New publication: “Model, Corpus, Interpretation: Elements of Computational Hermeneutics.”

I’m happy to announce the publication of my paper Model, Corpus, Interpretation: Elements of Computational Hermeneutics. This is a revised and extended version of my talk at the workshop Digital Hermeneutics II: Sources, Analysis, Interpretation, Annotation, and Curation, which took place in Frankfurt am Main, Germany, November 23–24, 2023.
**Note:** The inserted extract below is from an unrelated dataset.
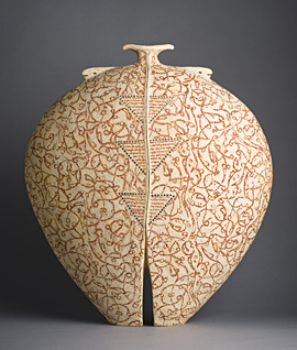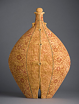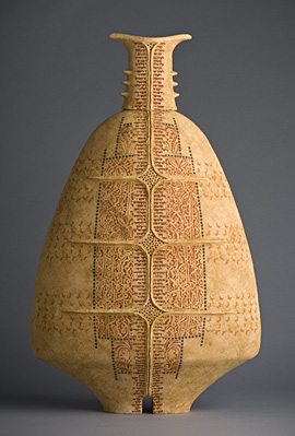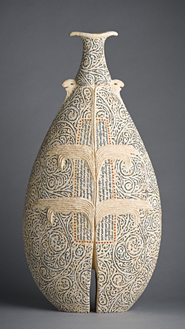 Sheffer’s imposing urns, vases, pitchers and jars give the impression of having been unearthed from some previously undiscovered ancient resting place. It is an aesthetic deeply rooted in the centuries old cultural traditions of the Middle East but also embraces the architectonic in the way crumbling edifices, domes and dwellings are referenced. The subtle, tonal hues of the pigments and decoration are combined with the texture and ‘weathered’ quality of the surfaces, to forge a seamless contemporary expression of a ‘timeless’ theme. There has always been a latent compulsion towards the archaeological in Sheffer’s outlook, “Since I can remember I had an almost irresistible urge to dig in the ground, to find things, the earth was packed with thousands of years of fragments of human existence left behind, my imagination would continue lines and curves and make up the lost form, inanimate objects would then become animated,” she recalls. “I come from a traditional background which holds [an] appreciation for accumulated culture, for creativity and intuition that spring from knowledge of the past...”
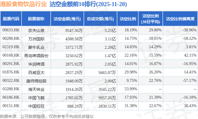 从沽空金额来看,农夫山泉、万洲国际、蒙牛乳业沽空金额位居行业前三,分别为9547.36万港元、4588.58万港元、3372.71万港元。

Unfortunately, this publication currently isn’t open access; I’m working on it. In the meantime, please consult the Accepted Manuscript (it happens to have the same pagination, so you just need to add 34 to the page numbers if you want to cite the Version of Record).

Abstract:

This paper introduces a conceptual framework for computational hermeneutics that rethinks the relationship between interpretation and computation. Rather than treating interpretation as a purely humanistic or subjective act, the framework reconceptualizes it as the construction and manipulation of models—a process amenable to formalization and computational representation. Drawing on epistemology, systems theory, and knowledge representation, the paper highlights how corpora and interpretative models function as phenomenotechnical devices, shaping the very phenomena they aim to analyze. It argues that computational hermeneutics requires neither automation of interpretation nor superficial application of digital tools, but instead demands explicit, structured representations of interpretive processes. This approach enables the integration of reasoning, data modeling, and symbolic computation into traditionally qualitative domains, offering new avenues for human–machine collaboration in knowledge construction.